◆ INFORMATION SUPPLIED:
[Start of section]

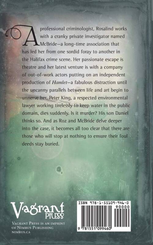 A professional criminologist, Rosalind works with a cranky Private Investigator named McBride–a long-time association that has led her from one sordid foray to another in the world of crime. Her passionate escape is theatre and her latest venture is with an ad hoc company of out-of-work actors putting on a production of Hamlet. Ros finds her work on Shakespeare’s language to be a fabulous distraction until the uncanny parallels between life and art bring her face to face with murder.
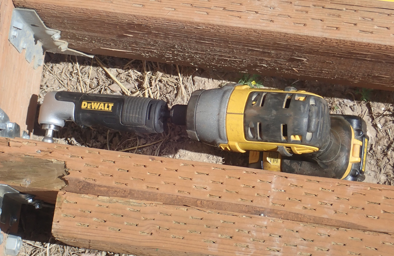 When I did the initial framing, I knew I was going to have to replace a few sections for the deck surface design I planned - but I’d not yet finalized what I wanted to do (I eventually went with “the cheaper option” instead of “everything even”). Working between joists when you need to add a range of “blocker boards” can get tight - so I had an excuse to pick up a 90 degree impact driver adapter! Somehow, this manages to survive the abuse of an impact driver and turn the impact torque 90 degrees. I’m interested in what the gears look like, and will probably pull it apart after it fails just to see what’s in there - because “impact driver” and “gears” aren’t two things I normally consider compatible.
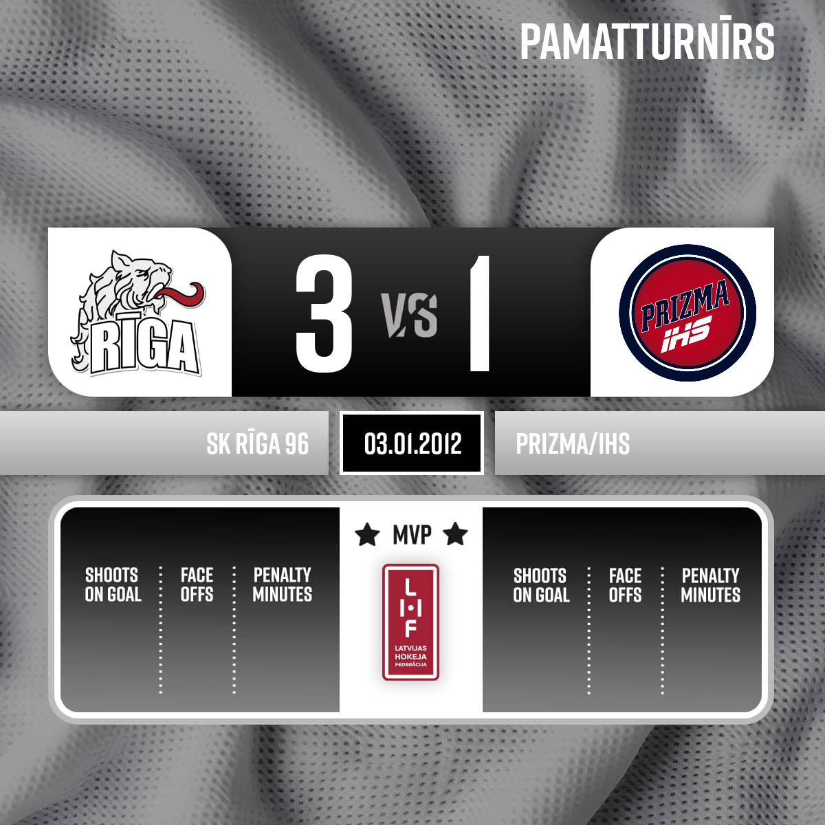 - 46:20P3Shorthanded goal#10 Rolands DIETLAVSAssist: #16 Sergejs PISKUNOVS

[End of section]

◆ WORK ORDER: Restate the material above word for word, dropping the pictures.

◆ RESULT OF THIS TASK:
 A professional criminologist, Rosalind works with a cranky Private Investigator named McBride–a long-time association that has led her from one sordid foray to another in the world of crime. Her passionate escape is theatre and her latest venture is with an ad hoc company of out-of-work actors putting on a production of Hamlet. Ros finds her work on Shakespeare’s language to be a fabulous distraction until the uncanny parallels between life and art bring her face to face with murder.
 When I did the initial framing, I knew I was going to have to replace a few sections for the deck surface design I planned - but I’d not yet finalized what I wanted to do (I eventually went with “the cheaper option” instead of “everything even”). Working between joists when you need to add a range of “blocker boards” can get tight - so I had an excuse to pick up a 90 degree impact driver adapter! Somehow, this manages to survive the abuse of an impact driver and turn the impact torque 90 degrees. I’m interested in what the gears look like, and will probably pull it apart after it fails just to see what’s in there - because “impact driver” and “gears” aren’t two things I normally consider compatible.
 - 46:20P3Shorthanded goal#10 Rolands DIETLAVSAssist: #16 Sergejs PISKUNOVS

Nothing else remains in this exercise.